TPU vs GPU: Google's chip commercialization accelerates, can NVIDIA's moat hold up?

Although a single TPU is not as powerful as the strongest GPU, Google is leveraging its ultra-large-scale clusters and higher cost-effectiveness to challenge NVIDIA's pricing power and market control. The real battleground lies in ecosystems and business models—NVIDIA locks in users with CUDA, while Google opens new entry points with TPU + Gemini. NVIDIA has a clear advantage in versatility and ecosystem maturity, but as more leading clients begin to "test the waters" with TPUs, any slight loosening will be quickly amplified by the market
When Google began attempting to sell its self-developed AI chip TPU (Tensor Processing Unit) to a broader market, this "chip cold war," which originally only occurred in the cloud, is being brought to the forefront and poses a substantial challenge to AI chip leader NVIDIA.
A recent article by tech media The Information analyzes that NVIDIA cannot ignore the fact that the two most advanced AI models in the world—those from Google and Anthropic—are developed using Google’s self-developed TPU chips, either fully or partially, rather than NVIDIA’s GPUs. This reality has prompted one of NVIDIA's largest clients, Meta, to seriously consider using Google’s TPU to develop new models.
This means that the role of TPU has upgraded from "Google's internal tool" to an alternative solution that can be seriously considered by large AI companies.
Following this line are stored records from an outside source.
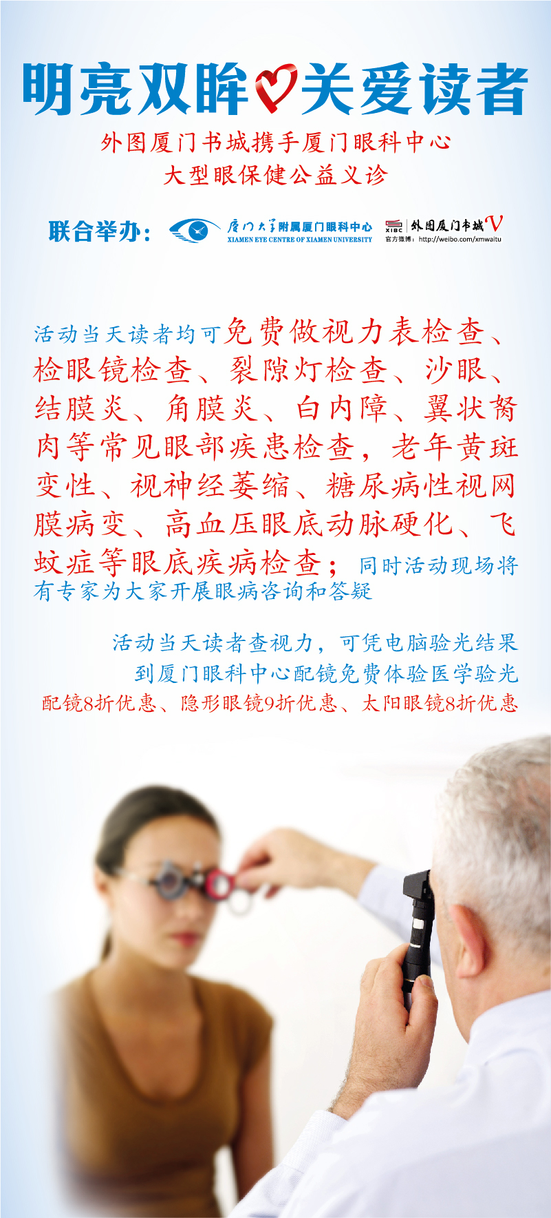 【文章導(dǎo)讀】6月29日(六)9:30-11:30,外圖廈門書城聯(lián)合廈門大學(xué)附屬廈門眼科中心開展明亮雙眸關(guān)愛讀者大型眼保健公益義診,歡迎有需要的讀者參加! 活動(dòng)當(dāng)天讀者均可免費(fèi)做視力表檢查、檢眼鏡
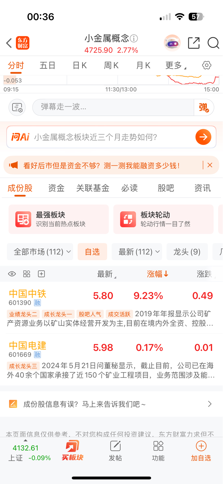 $中国电建(SH601669)$ 电建真的干啥都赶不上一口热汤,前阵子好不容易费劲扒拉加上商业航天概念,结果人家开始跌。现在又来为难股东们想怎么靠近有色,要我说名字没取好,中铁一看就知道有铁 你有啥
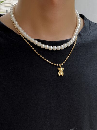 Men Bear Charm Faux Pearl Beaded Layered Necklace
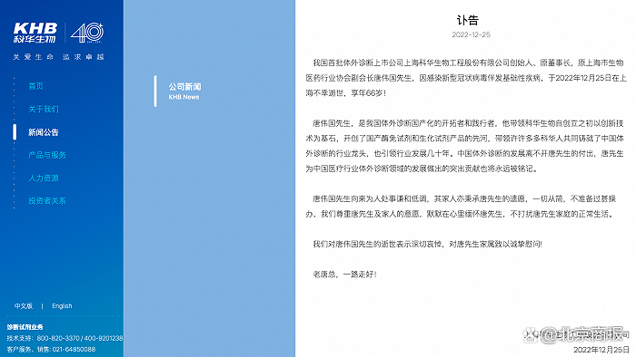 12月25日,体外诊断上市公司科华生物通过官网发布讣告:公司创始人、原董事长,原上海市生物医药行业协会副会长唐伟国,因感染新型冠状病毒伴发基础性疾病,于2022年12月25日在上海不幸逝世,享年66岁。
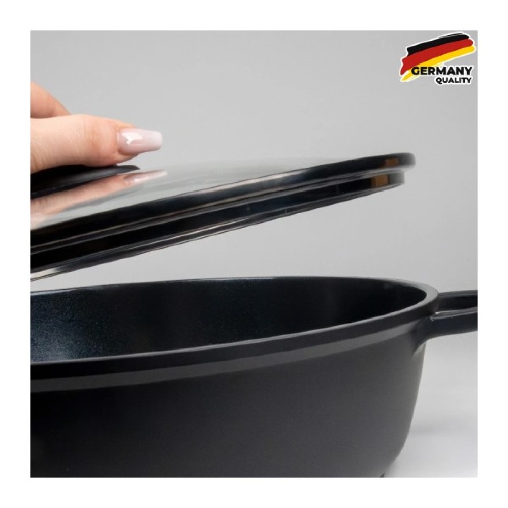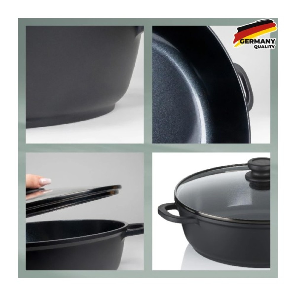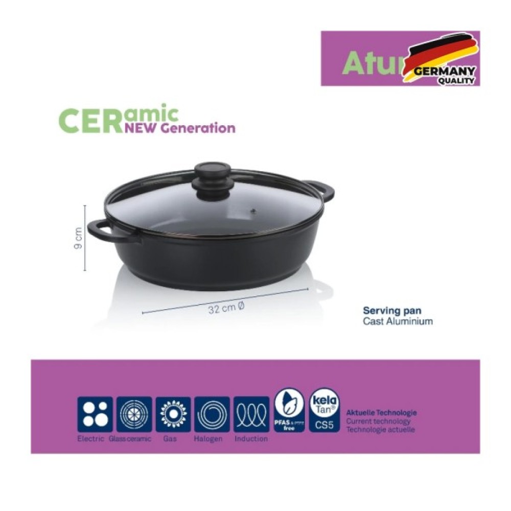 Керамічне покриття сотейника Kela Atura без ПФАС (PFAS), термостійкість виробу до 250° C. Розміри (Д х Ш х В): 28 x 28 x 9 см.
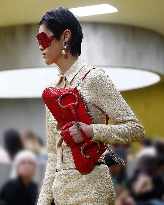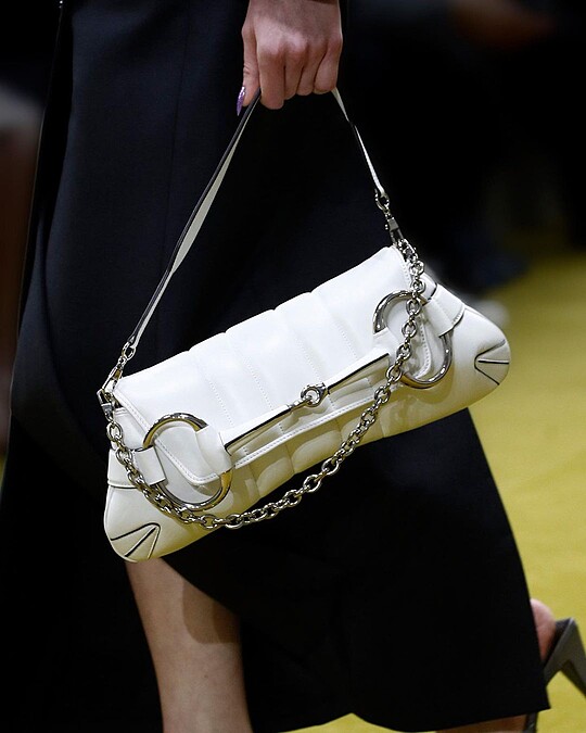 大家都在好奇,沒有Alessandro Michele的Gucci會是什麼樣子?謎底終於在2023秋冬系列揭曉!時下的Gucci像是從過去找尋未來方向,在2023秋冬之中仍能略見AM以及Tom Ford時期的影子,其討論度最高的手拿包Horsebit Chain Clutch就是一例——照了放大燈的馬銜鍊變成手拿包亮點,如是的設計最早於2004年就出現過,在本季以Y2K之姿再度回歸。
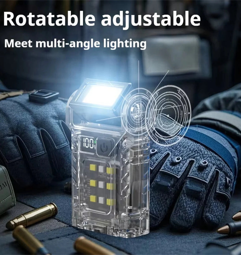 1.Rotatable Head Design: With a rotatable head, the outdoor mini flashlight allows you to adjust the angle of light effortlessly. Whether reading, repairing items, or exploring dark areas, this feature provides versatile illumination situations.
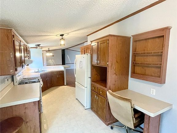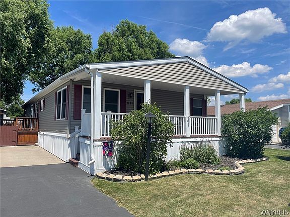 Absolutely pristine mobile home! This immaculate residence features 3 bedrooms and 2 full baths, including an ensuite primary with a double vanity, tub, and walk-in shower. The open floor plan boasts new flooring throughout, with plush new carpet in all bedrooms, complemented by a newly installed skylight (2024) and new shower in the second bath. Built for comfort and convenience, the home includes a wooden deck added in 2018, ensuring plenty of outdoor relaxation space. Also outside, the property offers a fully fenced yard for privacy, along with a 10 x 12 shed featuring a new roof installed in 2023. A doublewide driveway at the front provides ample parking, while a covered front porch invites you to unwind and enjoy the surroundings. The furnace and A/C were recently serviced (7/2024), and the hot water tank was replaced in spring 2020. This mobile home is located in a vibrant community where lot rent of $760 per month covers water and basic Spectrum cable. Residents enjoy access to a range of amenities including a playground, fitness center, community center, and more, making it an ideal place to call home.
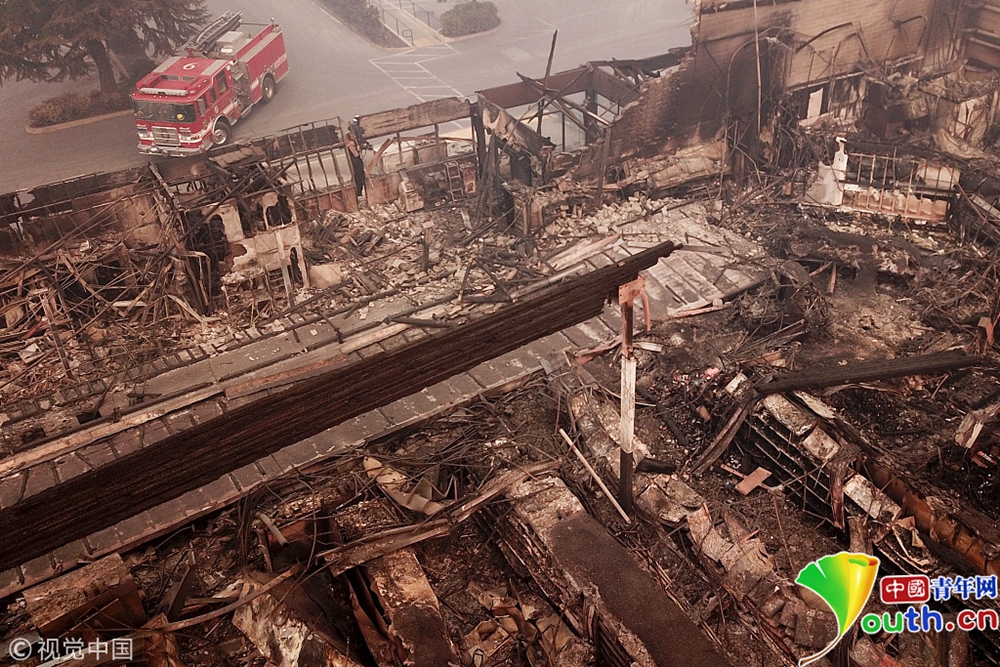 天堂變“地獄” 航拍加州山火肆虐社區(qū)似墓地
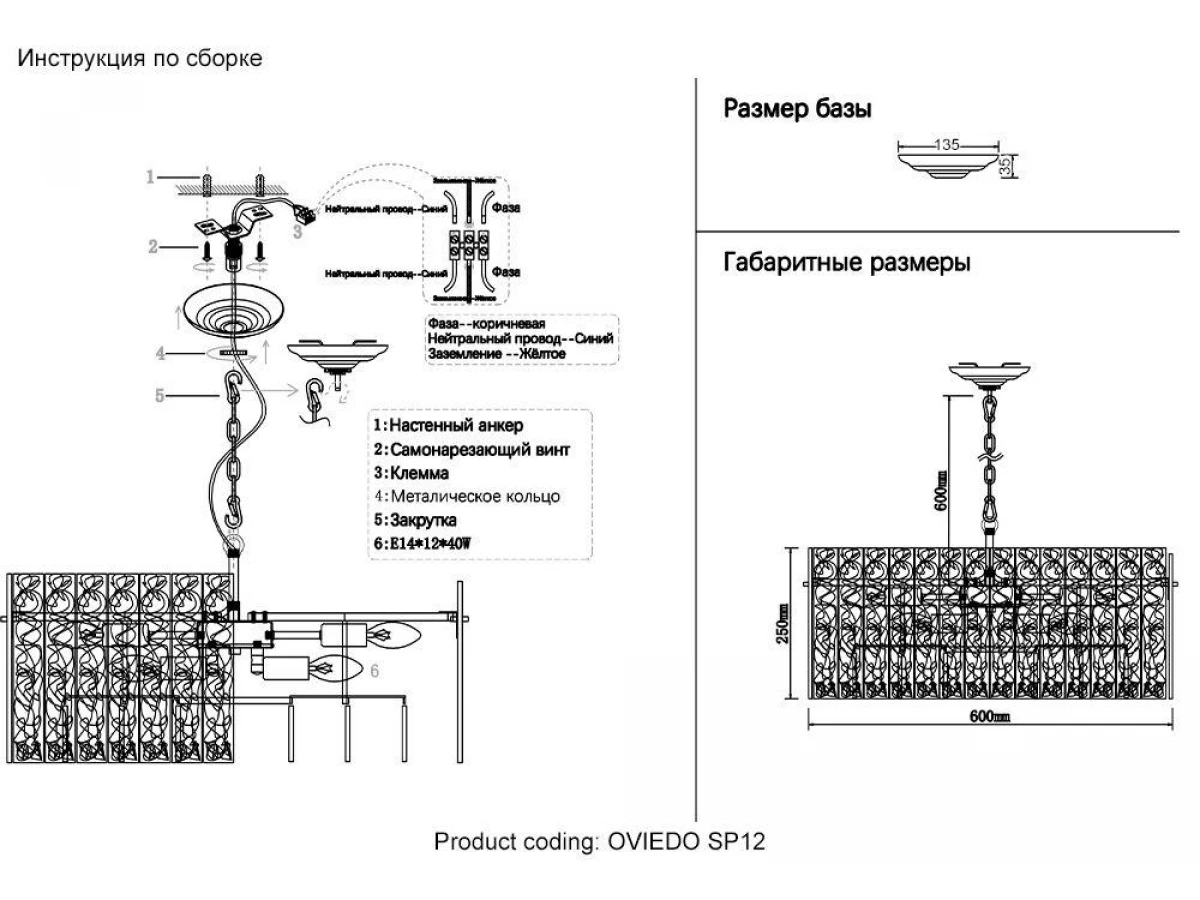 Подвесная люстра Crystal Lux Oviedo SP12

According to previous analysis by Morgan Stanley, Google plans to produce more than 3 million TPUs in 2026 and about 5 million in 2027, while NVIDIA's current GPU output is approximately three times that of Google’s TPU.
Although a single TPU is not as powerful as the strongest GPU, Google is leveraging ultra-large-scale clusters and higher cost-effectiveness to challenge NVIDIA's pricing power and market control. The real battlefield lies in ecology and business models—NVIDIA locks in users with CUDA, while Google opens new entry points with TPU + Gemini. NVIDIA has a clear advantage in versatility and ecological maturity, but as more leading clients begin to "test the waters" with TPU, any slight loosening will be quickly amplified by the market.
Performance Comparison: Single Chip Loses, System Wins?
From a purely computational power perspective, the most advanced TPU (codenamed Ironwood) has about half the floating-point operations per second (FLOPS) of NVIDIA's Blackwell GPU.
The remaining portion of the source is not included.